- GIVEN RECORDS:

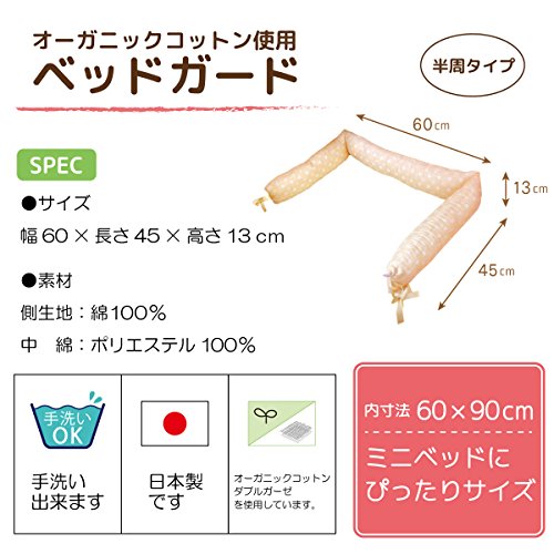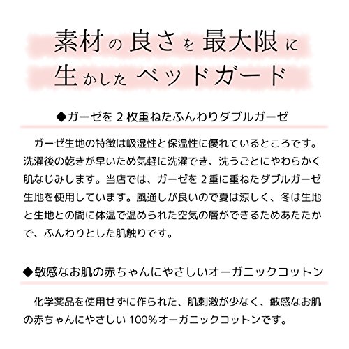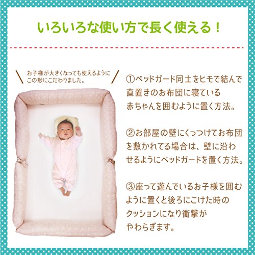 - たっぷり綿でふわふわ♪しっかりした厚みで赤ちゃんの頭や顔を守ります。ベッドフレームに結んで固定できるよう4箇所にヒモをつけています。
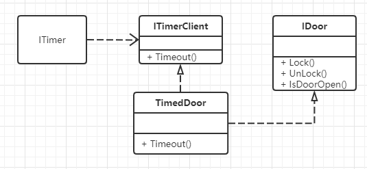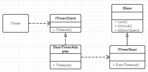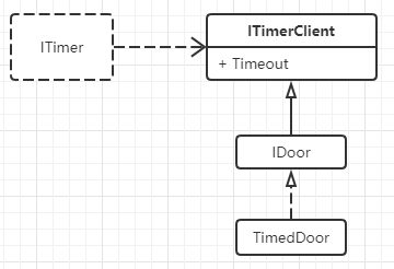 当ITimedDoor想要向ITimer对象注册一个超时请求时,它就创建一个DoorTimerAdapter并且把它注册给Timer。当Timer对象发送TimeOut消息给DoorTimerAdapter时,DoorTimerAdapter把这个消息委托为TimedDoor。
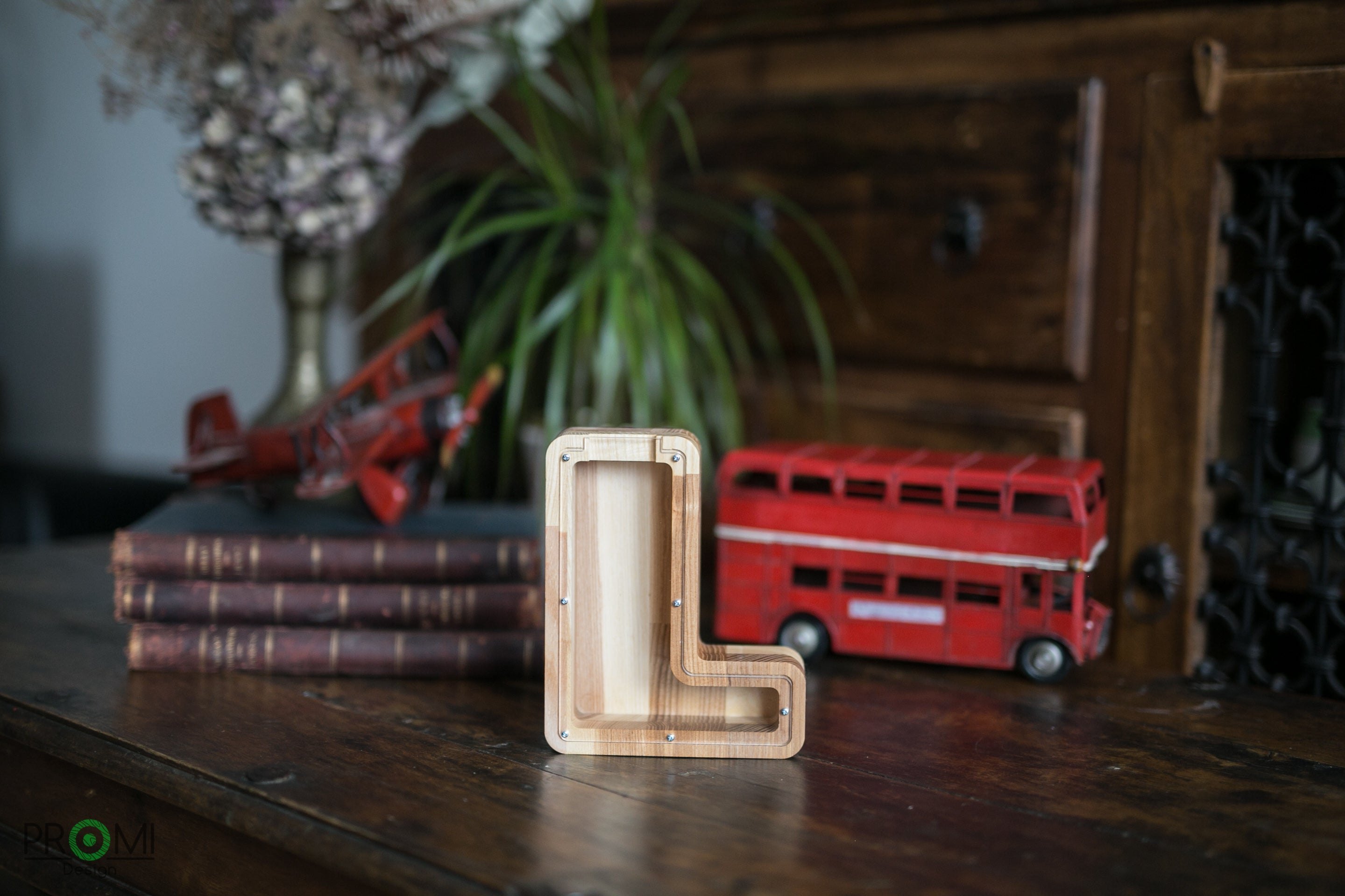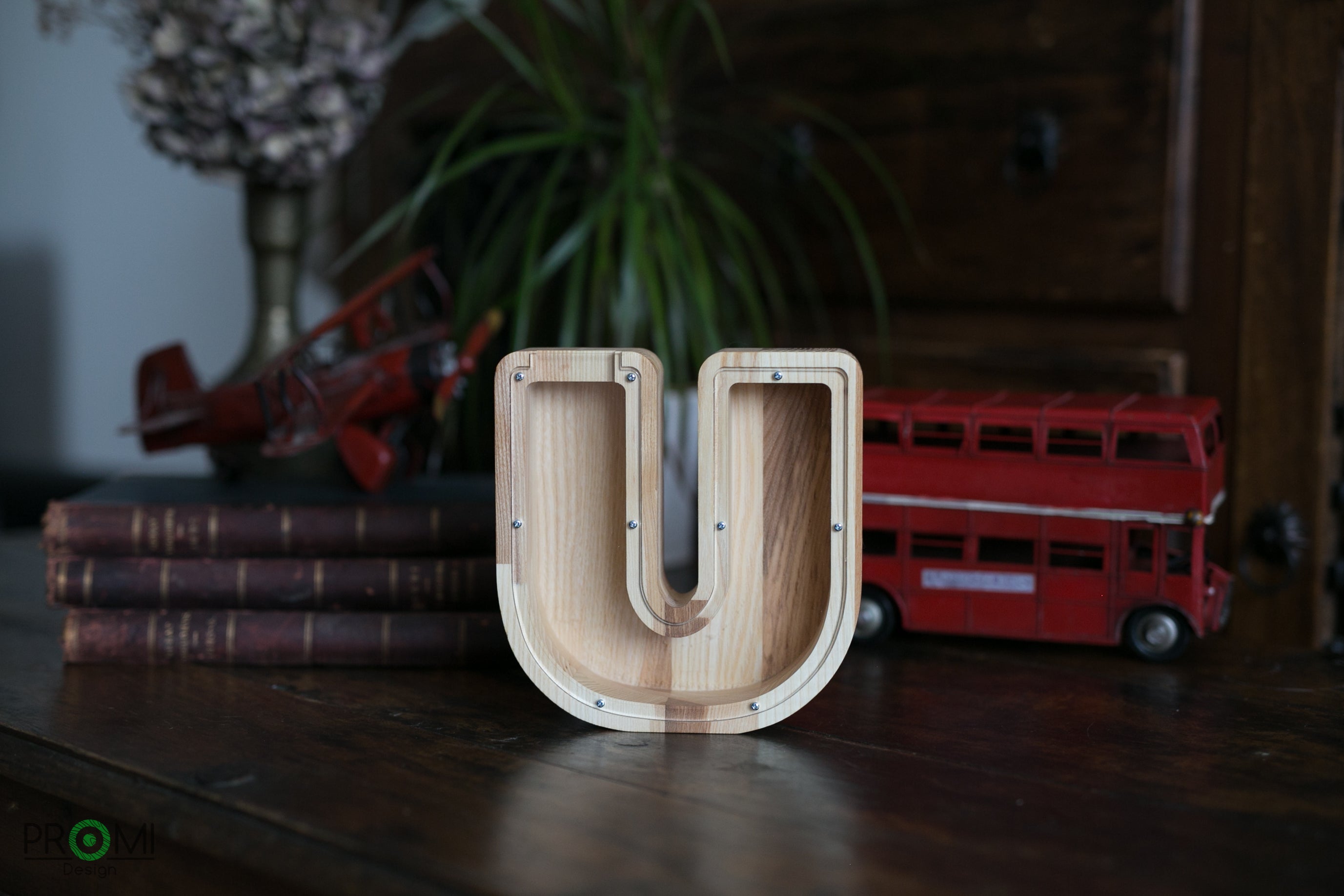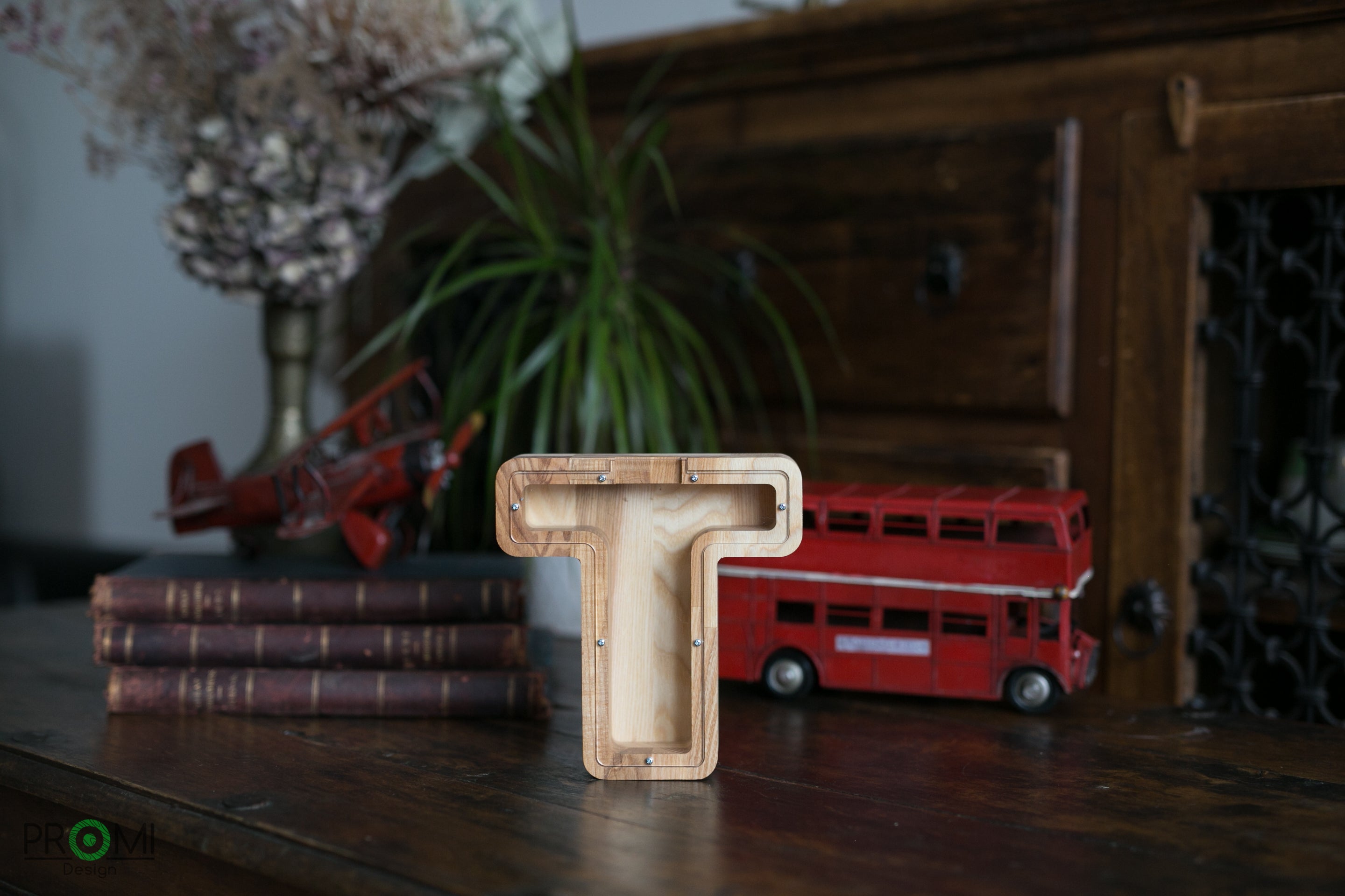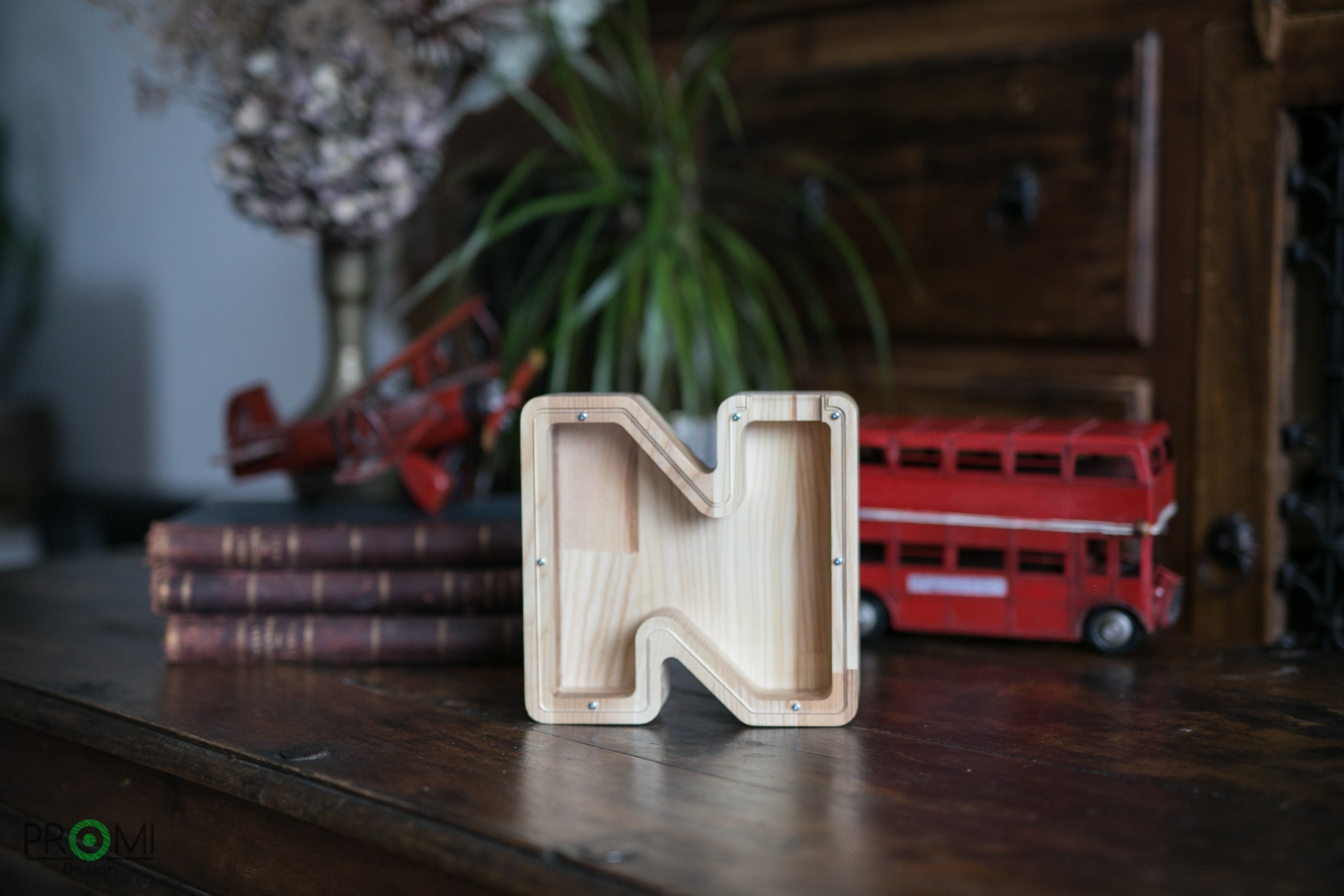 Wooden Piggy Bank Letter (Large, A-Z, Engraving)
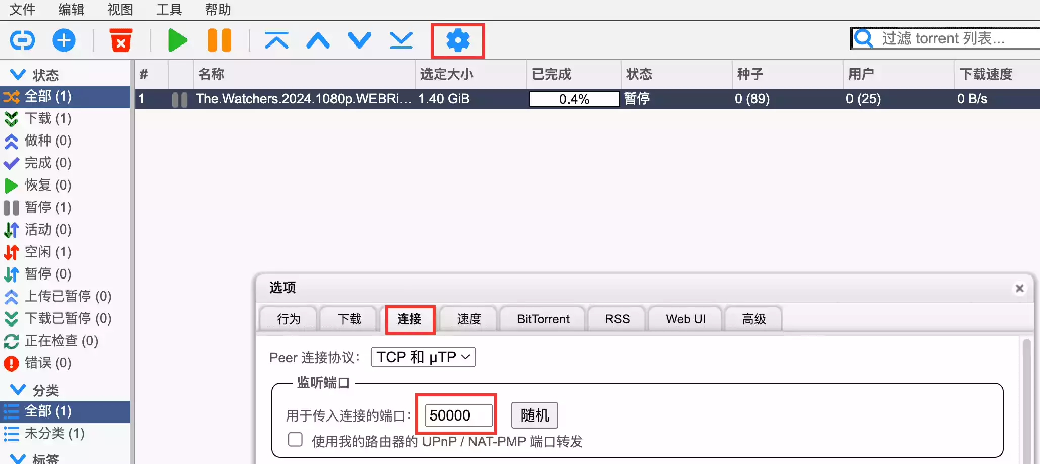 因此上面在安装的时候把容器的 6881 端口映射到了主机的 50000 端口,登录 qbittorrent 后需要在 连接 选项中,把默认的 6881 修改成上面的端口 50000,这样 PT 站点就可以正常下载了。当然你也可以映射到其他端口,前后保持一致即可。
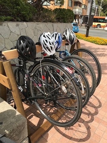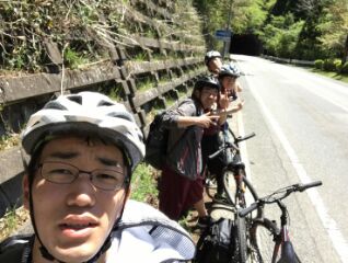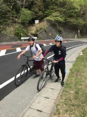 坂を登って休憩。(押して歩いたIとI)

- WHAT TO DO: Give back every record exactly, dropping its pictures.

- SOLUTION TO THE PROBLEM:
 - たっぷり綿でふわふわ♪しっかりした厚みで赤ちゃんの頭や顔を守ります。ベッドフレームに結んで固定できるよう4箇所にヒモをつけています。
 当ITimedDoor想要向ITimer对象注册一个超时请求时,它就创建一个DoorTimerAdapter并且把它注册给Timer。当Timer对象发送TimeOut消息给DoorTimerAdapter时,DoorTimerAdapter把这个消息委托为TimedDoor。
 Wooden Piggy Bank Letter (Large, A-Z, Engraving)
 因此上面在安装的时候把容器的 6881 端口映射到了主机的 50000 端口,登录 qbittorrent 后需要在 连接 选项中,把默认的 6881 修改成上面的端口 50000,这样 PT 站点就可以正常下载了。当然你也可以映射到其他端口,前后保持一致即可。
 坂を登って休憩。(押して歩いたIとI)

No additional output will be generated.